Now we will train the following models:
1. **AdaBoost**: Using AdaBoostClassifier.
2. **Gradient Boosting**: Using GradientBoostingClassifier.
3. **XGBoost**: Using XGBoost from the `xgboost` library.

We will train each model on the training data and evaluate it on the test data.

In [None]:
# AdaBoost Model
adaboost_model = AdaBoostClassifier(n_estimators=50, random_state=42)
adaboost_model.fit(X_train, y_train)

# Gradient Boosting Model
gradientboosting_model = GradientBoostingClassifier(n_estimators=50, random_state=42)
gradientboosting_model.fit(X_train, y_train)

# XGBoost Model
xgb_model = xgb.XGBClassifier(n_estimators=50, random_state=42)
xgb_model.fit(X_train, y_train)

### Step 4: Evaluate the Models

We will evaluate the performance of each model using the confusion matrix and classification report.

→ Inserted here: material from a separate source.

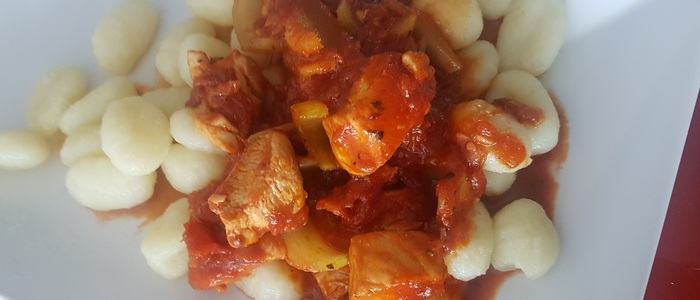 Podáváme s gnocchi a posypané parmazánem. Dobrou chuť!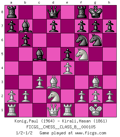 Last move : 1/2-1/2 2010 June 1 21:54:50 [Event "FICGS__CHESS__CLASS_B__000105"] [Site "FICGS"] [Date "2010.04.04"] [Round "1"] [White "Konig,Paul"] [Black "Kirali,Hasan"] [Result "1/2-1/2"] [WhiteElo "1964"] [BlackElo "1861"] 1.e4 b6 2.d4 Bb7 3.Bd3 e6 4.Nf3 c5 5.O-O cxd4 6.Nxd4 Nc6 7.Be3 Nf6 8.Nd2 Ne5 9.Bf4 Ng6 10.Bg3 Bc5 11.c3 O-O 12.Re1 e5 13.Nf5 1/2-1/2 Owen defense Kingside Castling by player White (move 5) Kingside Castling by player Black (move 11) This chess game ended in a draw. Follow this game move after move (download)Botvinnik tried to take the mystery out of Chess, always relating it to situations in ordinary life. He used to call Chess a typical inexact problem similar to those which people are always having to solve in everyday life. (Garry Kasparov) Über Karpov: Er war und ist ein Vertreter der russischen Reaktionäre. Das steckt tief in seiner Seele, wehalb ich nicht nett mit ihm umgehen kann. (Viktor Kortschnoi) Siempre es mejor sacrificar los hombres de tu oponente. (Savielly Tartakower) Le pion, dans sa simplicité, marche droit devant lui, mais lorsqu'il prend, il le fait obliquement? Ainsi l'homme, tant qu'il reste pauvre, marche dans la droiture et vit honnêtement, mais lorsqu'il recherche les honneurs, il flatte, se parjure et, par les voies obliques, cherche une position supérieure sur l'échiquier du monde. (Jean de Galles) Tomorrow's what you make of it. (Horatio Caine, C.S.I. Miami)

1. **Confusion Matrix**: Visualize the model's classification results.
2. **Classification Report**: Show detailed metrics such as precision, recall, and F1-score.

In [None]:
# Function to plot confusion matrix
def plot_confusion_matrix(cm, title="Confusion Matrix"):
    plt.figure(figsize=(5, 4))
    sns.heatmap(cm, annot=True, fmt='d', cmap='Blues', xticklabels=['Benign', 'Malignant'], yticklabels=['Benign', 'Malignant'])
    plt.xlabel('Predicted')
    plt.ylabel('Actual')
    plt.title(title)
    plt.show()

# AdaBoost Evaluation
y_pred_adaboost = adaboost_model.predict(X_test)
cm_adaboost = confusion_matrix(y_test, y_pred_adaboost)
print("AdaBoost Classification Report:")
print(classification_report(y_test, y_pred_adaboost))
plot_confusion_matrix(cm_adaboost, title="AdaBoost Confusion Matrix")

# Gradient Boosting Evaluation
y_pred_gradientboosting = gradientboosting_model.predict(X_test)
cm_gradientboosting = confusion_matrix(y_test, y_pred_gradientboosting)
print("Gradient Boosting Classification Report:")
print(classification_report(y_test, y_pred_gradientboosting))
plot_confusion_matrix(cm_gradientboosting, title="Gradient Boosting Confusion Matrix")

# XGBoost Evaluation
y_pred_xgb = xgb_model.predict(X_test)
cm_xgb = confusion_matrix(y_test, y_pred_xgb)
print("XGBoost Classification Report:")
print(classification_report(y_test, y_pred_xgb))
plot_confusion_matrix(cm_xgb, title="XGBoost Confusion Matrix")

### Summary

In this notebook, we demonstrated how to:
1. Load and preprocess the Breast Cancer dataset.
2. Train three boosting models: AdaBoost, Gradient Boosting, and XGBoost.
3. Evaluate the models' performance using confusion matrices and classification reports.

This example showcases the power of different boosting algorithms in binary classification tasks and how they can be evaluated in terms of accuracy, precision, recall, and F1-score.